■ **TASK TO CARRY OUT**
Beginning at the line that contains "Et sæt på 6" and finishing at the line that contains "Wir in Beuel vom 10.11.2018 Veranstaltungen", output the data below exactly. Include both end lines and no pictures.

■ **Stored items**
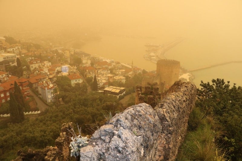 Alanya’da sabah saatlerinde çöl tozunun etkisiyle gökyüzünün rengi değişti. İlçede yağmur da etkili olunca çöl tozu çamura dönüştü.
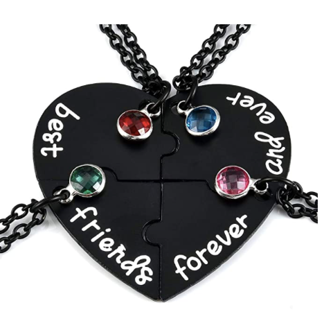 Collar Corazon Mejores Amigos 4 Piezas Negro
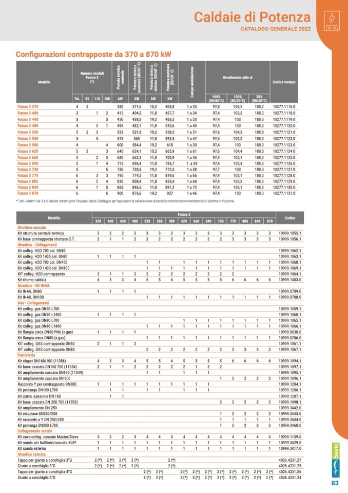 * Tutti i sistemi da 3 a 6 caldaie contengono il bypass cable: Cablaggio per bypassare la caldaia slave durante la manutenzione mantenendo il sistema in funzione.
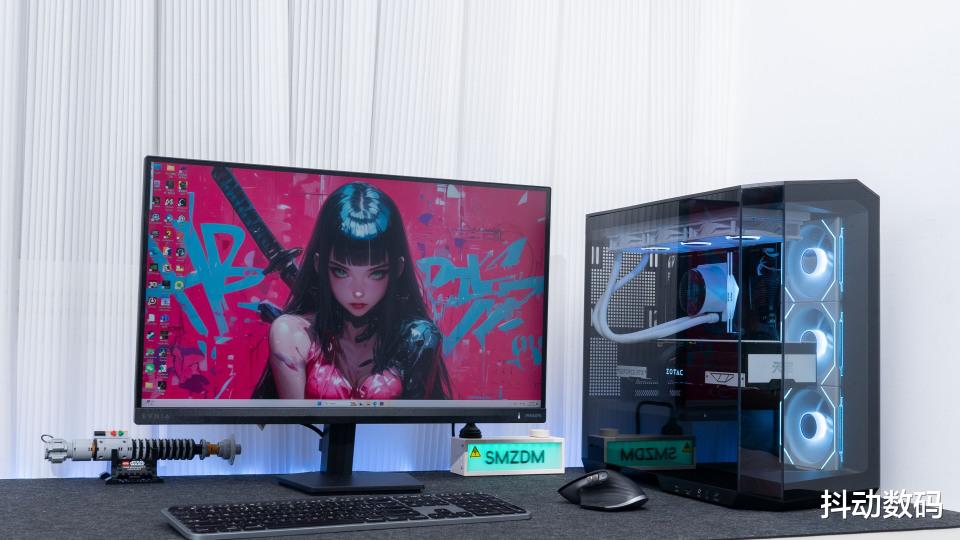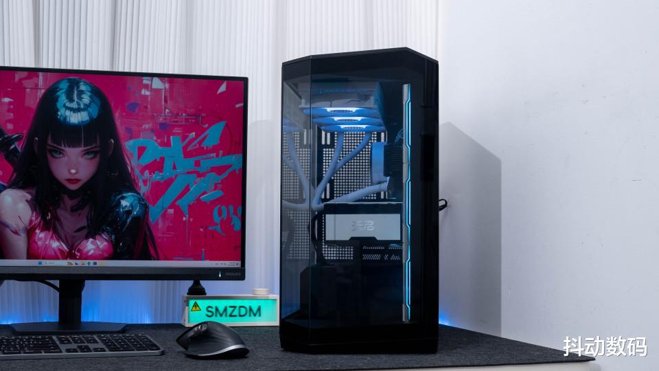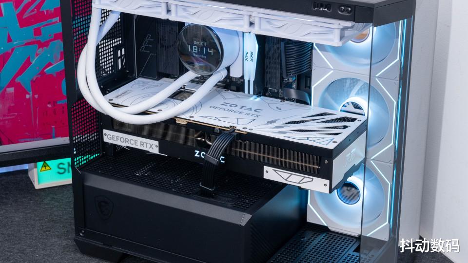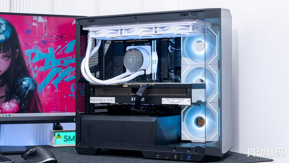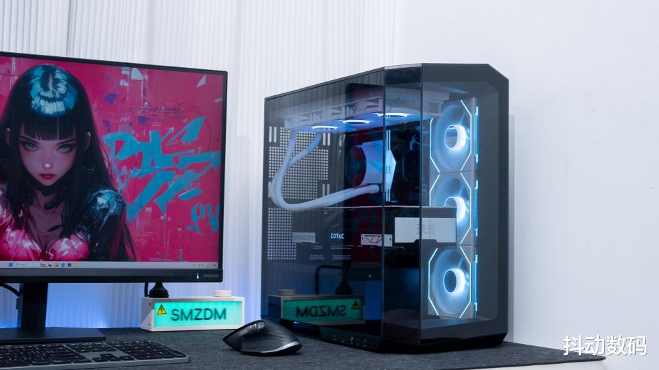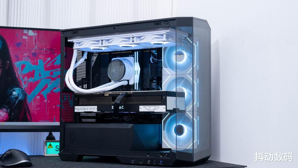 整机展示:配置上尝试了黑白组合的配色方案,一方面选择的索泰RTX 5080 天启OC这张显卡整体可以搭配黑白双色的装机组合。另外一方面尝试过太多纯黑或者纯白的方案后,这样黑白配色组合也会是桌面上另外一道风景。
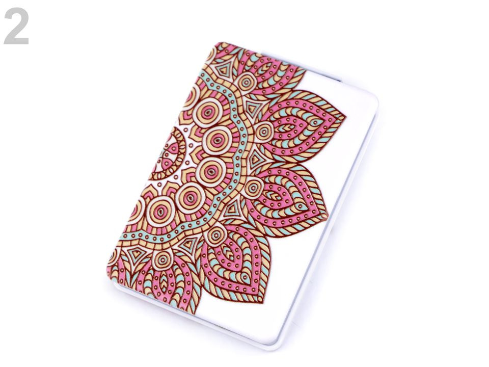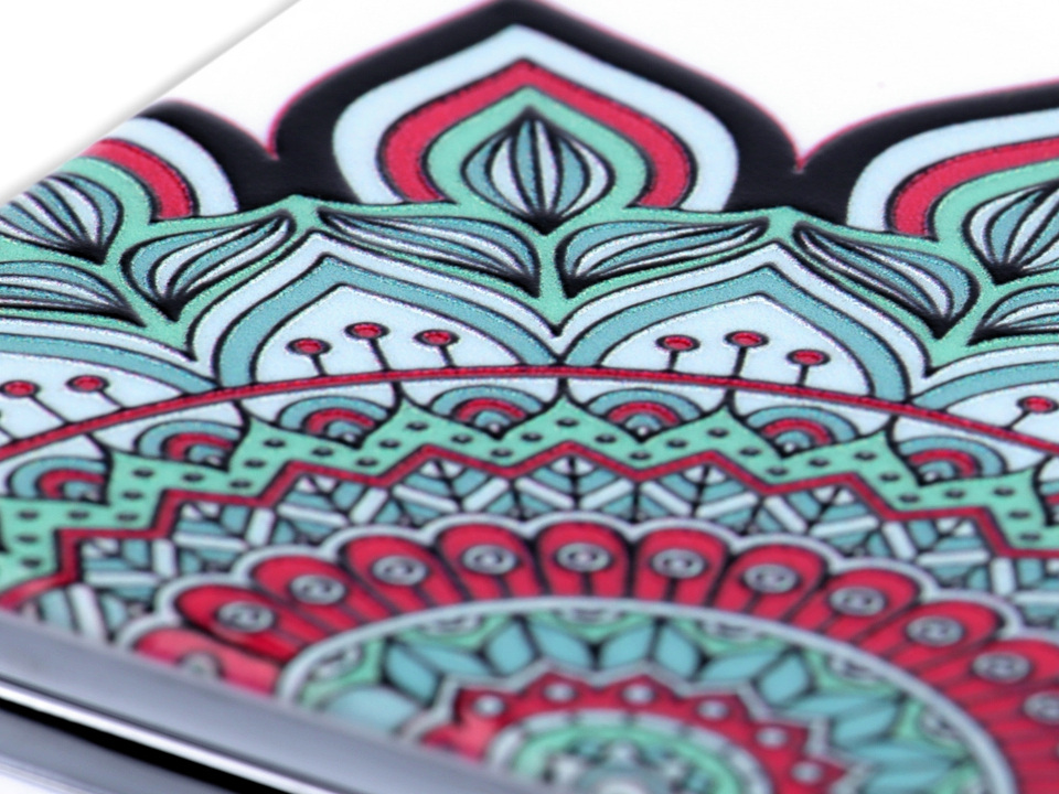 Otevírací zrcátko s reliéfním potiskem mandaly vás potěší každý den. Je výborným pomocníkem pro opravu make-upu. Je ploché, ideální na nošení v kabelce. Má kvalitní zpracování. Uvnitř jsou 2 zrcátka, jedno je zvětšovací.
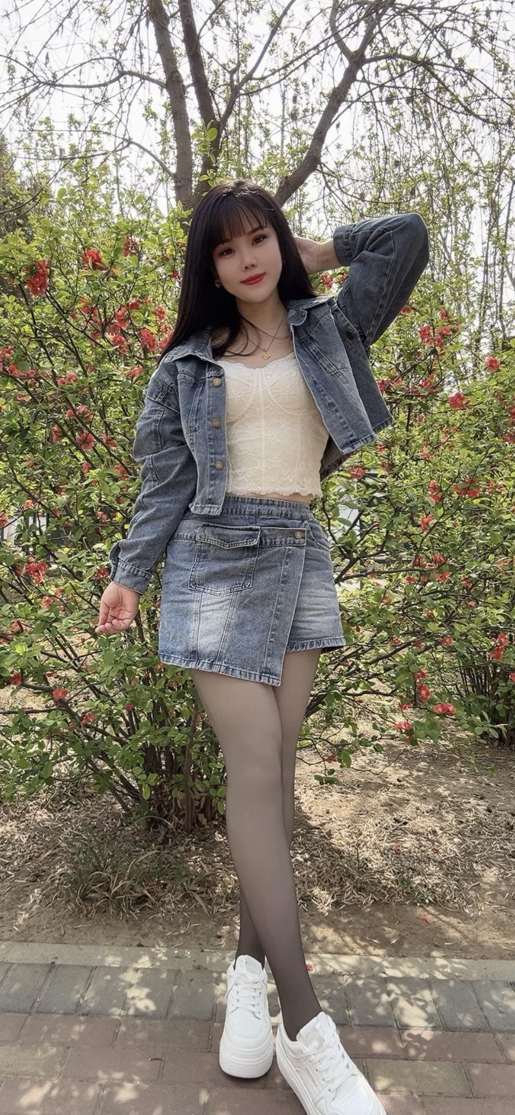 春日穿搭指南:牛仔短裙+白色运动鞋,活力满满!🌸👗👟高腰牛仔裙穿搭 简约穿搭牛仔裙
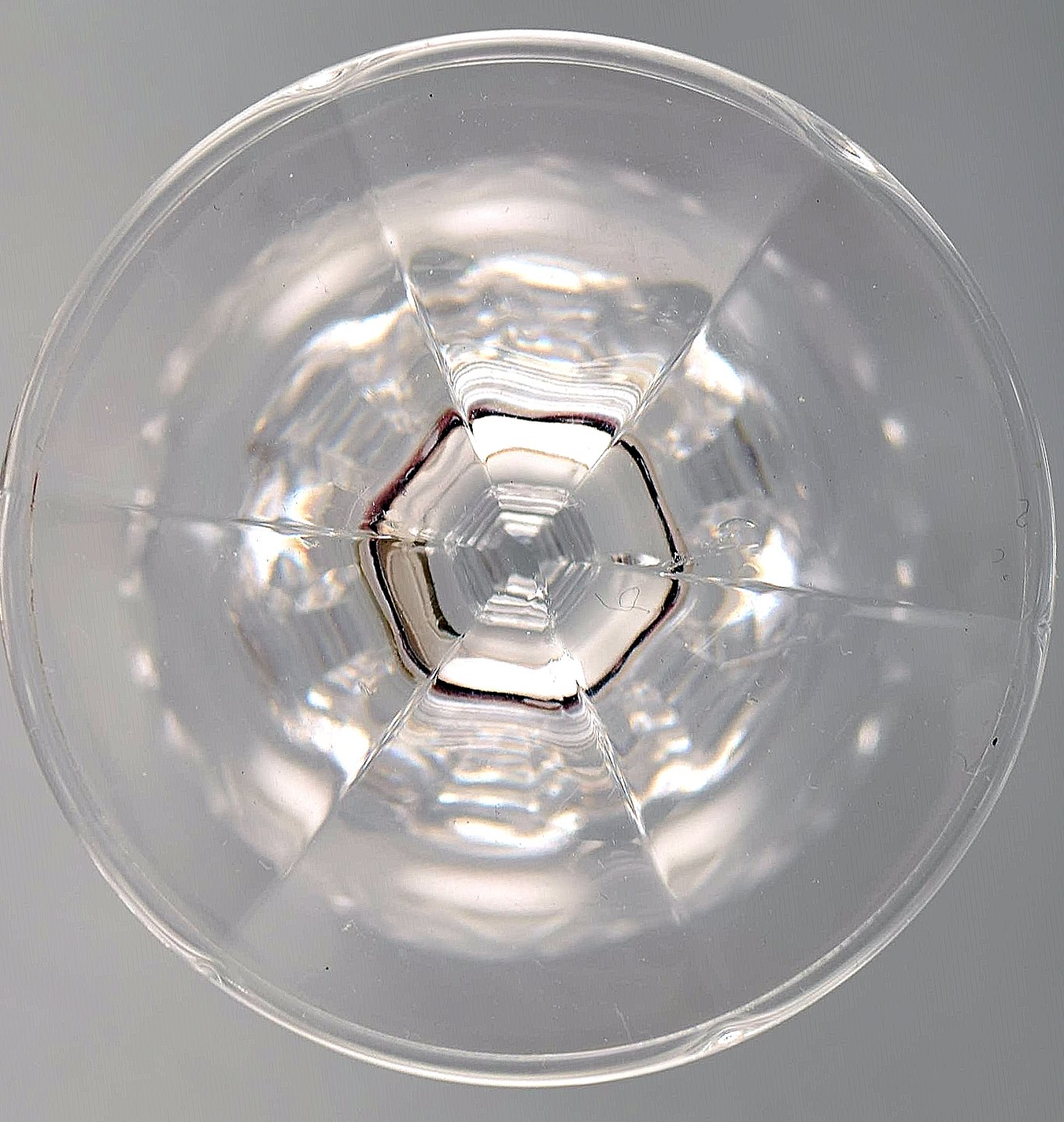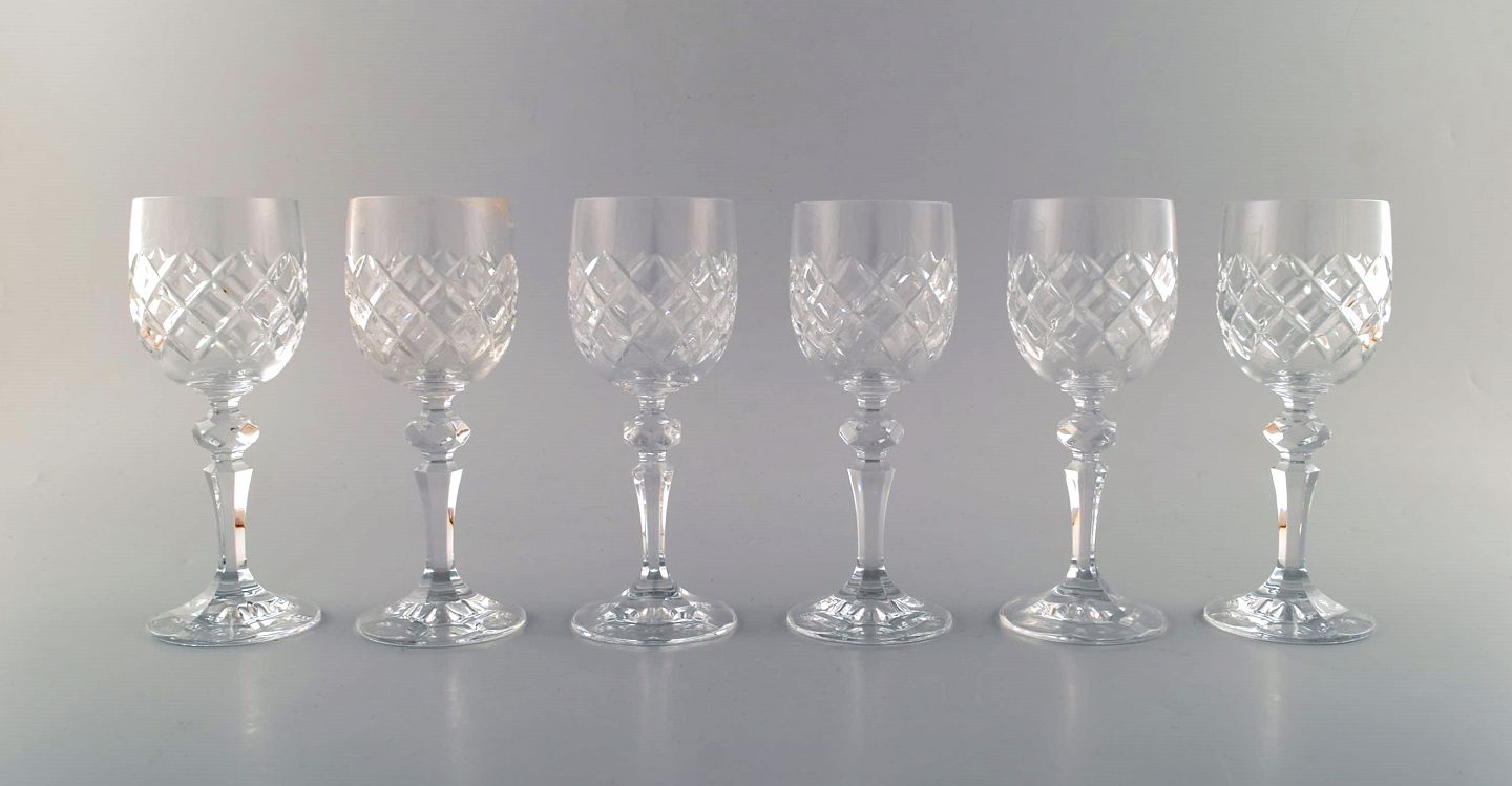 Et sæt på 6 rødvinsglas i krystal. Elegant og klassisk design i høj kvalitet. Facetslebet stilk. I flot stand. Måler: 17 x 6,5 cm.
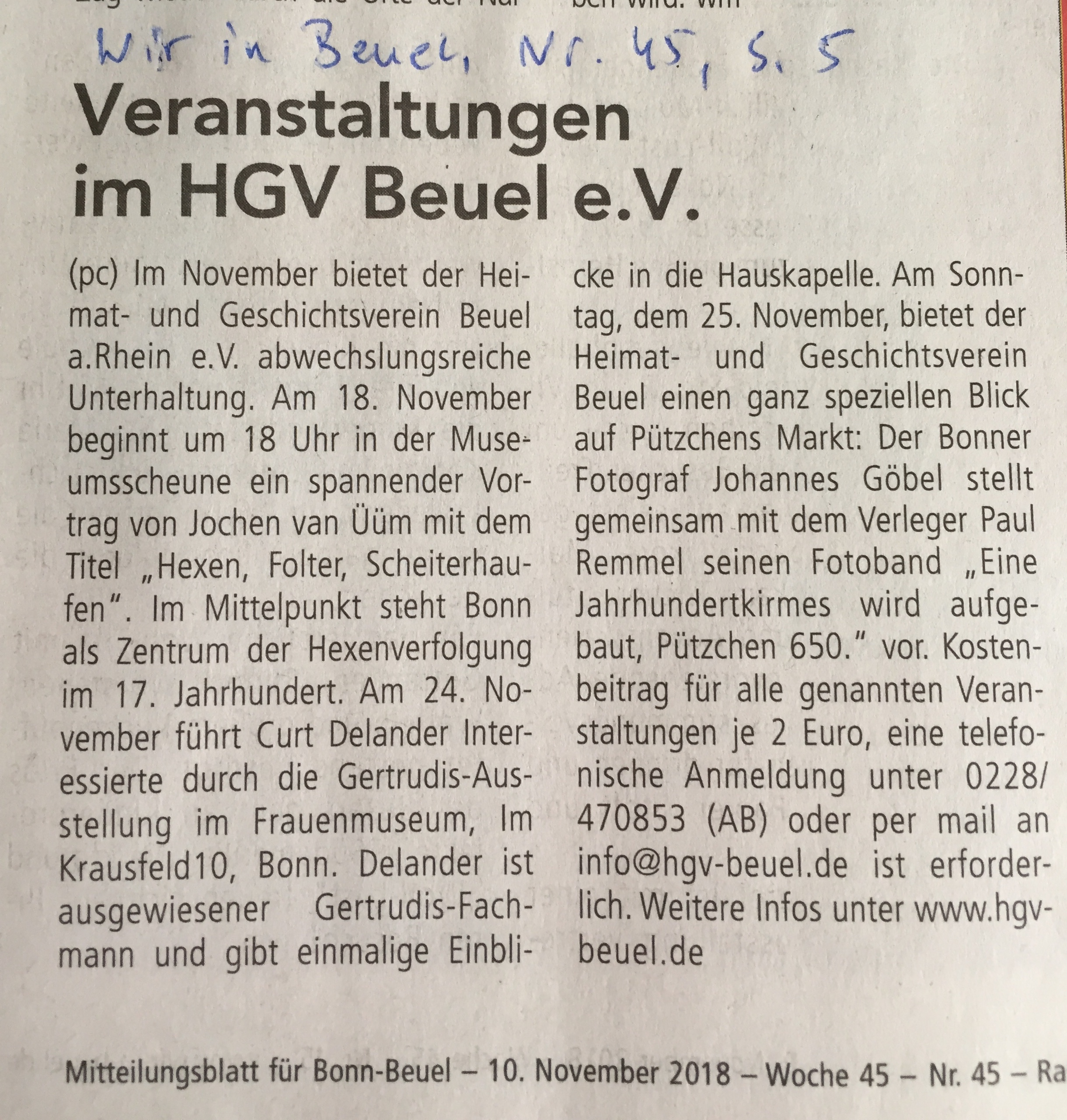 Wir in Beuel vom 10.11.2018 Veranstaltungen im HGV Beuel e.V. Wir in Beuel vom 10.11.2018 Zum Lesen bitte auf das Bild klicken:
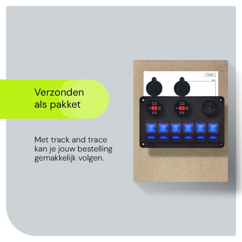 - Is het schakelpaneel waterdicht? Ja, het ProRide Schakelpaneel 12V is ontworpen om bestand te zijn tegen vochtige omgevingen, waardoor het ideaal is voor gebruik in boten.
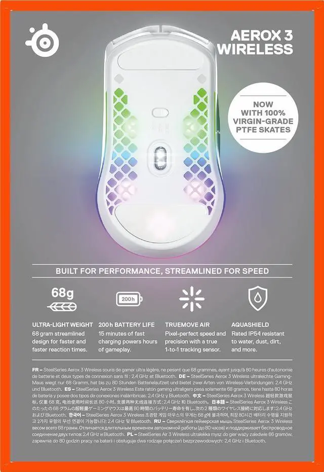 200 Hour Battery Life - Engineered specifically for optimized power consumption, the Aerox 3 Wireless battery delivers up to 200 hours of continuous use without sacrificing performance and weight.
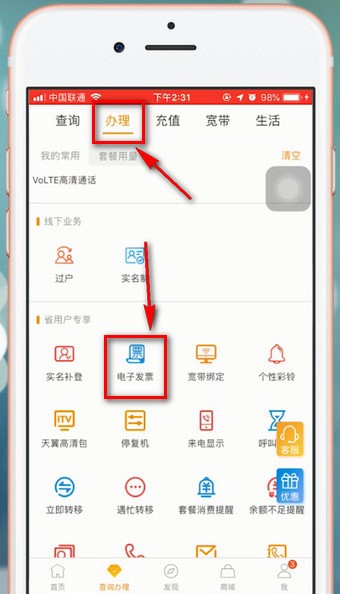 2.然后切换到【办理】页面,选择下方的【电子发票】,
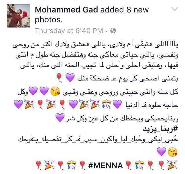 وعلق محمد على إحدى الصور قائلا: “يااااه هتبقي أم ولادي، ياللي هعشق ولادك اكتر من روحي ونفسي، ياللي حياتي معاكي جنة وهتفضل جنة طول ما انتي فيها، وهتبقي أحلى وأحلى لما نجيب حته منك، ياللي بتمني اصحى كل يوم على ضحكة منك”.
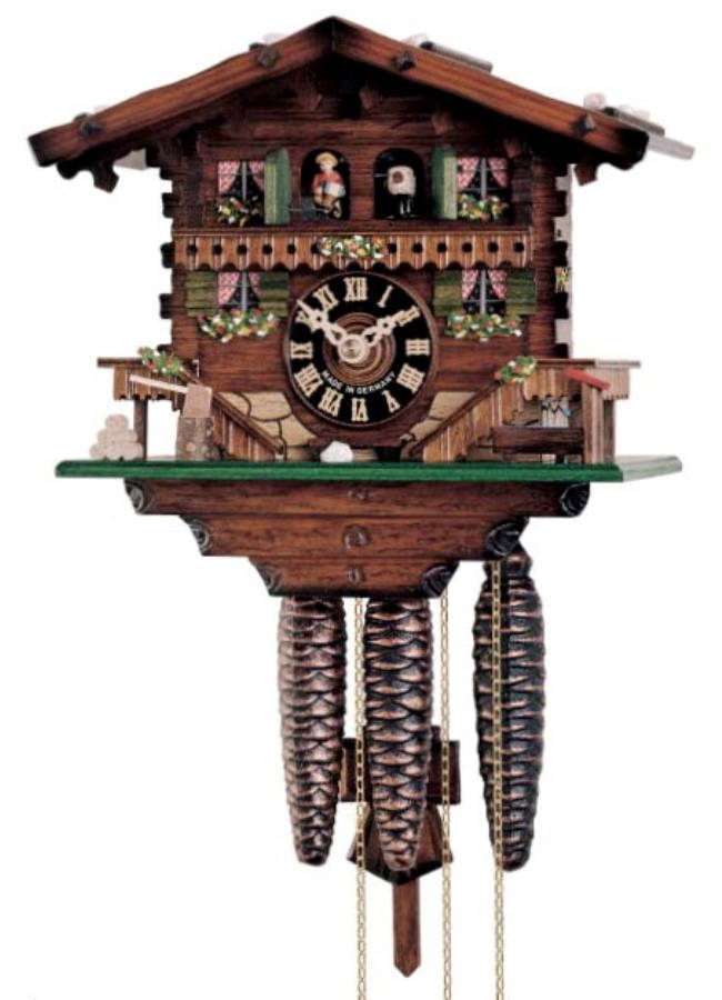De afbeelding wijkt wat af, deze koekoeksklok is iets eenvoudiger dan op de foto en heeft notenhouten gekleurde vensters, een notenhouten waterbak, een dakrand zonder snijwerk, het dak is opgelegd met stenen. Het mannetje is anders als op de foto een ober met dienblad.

■ **FINISHED TASK**
 Et sæt på 6 rødvinsglas i krystal. Elegant og klassisk design i høj kvalitet. Facetslebet stilk. I flot stand. Måler: 17 x 6,5 cm.
 Wir in Beuel vom 10.11.2018 Veranstaltungen im HGV Beuel e.V. Wir in Beuel vom 10.11.2018 Zum Lesen bitte auf das Bild klicken:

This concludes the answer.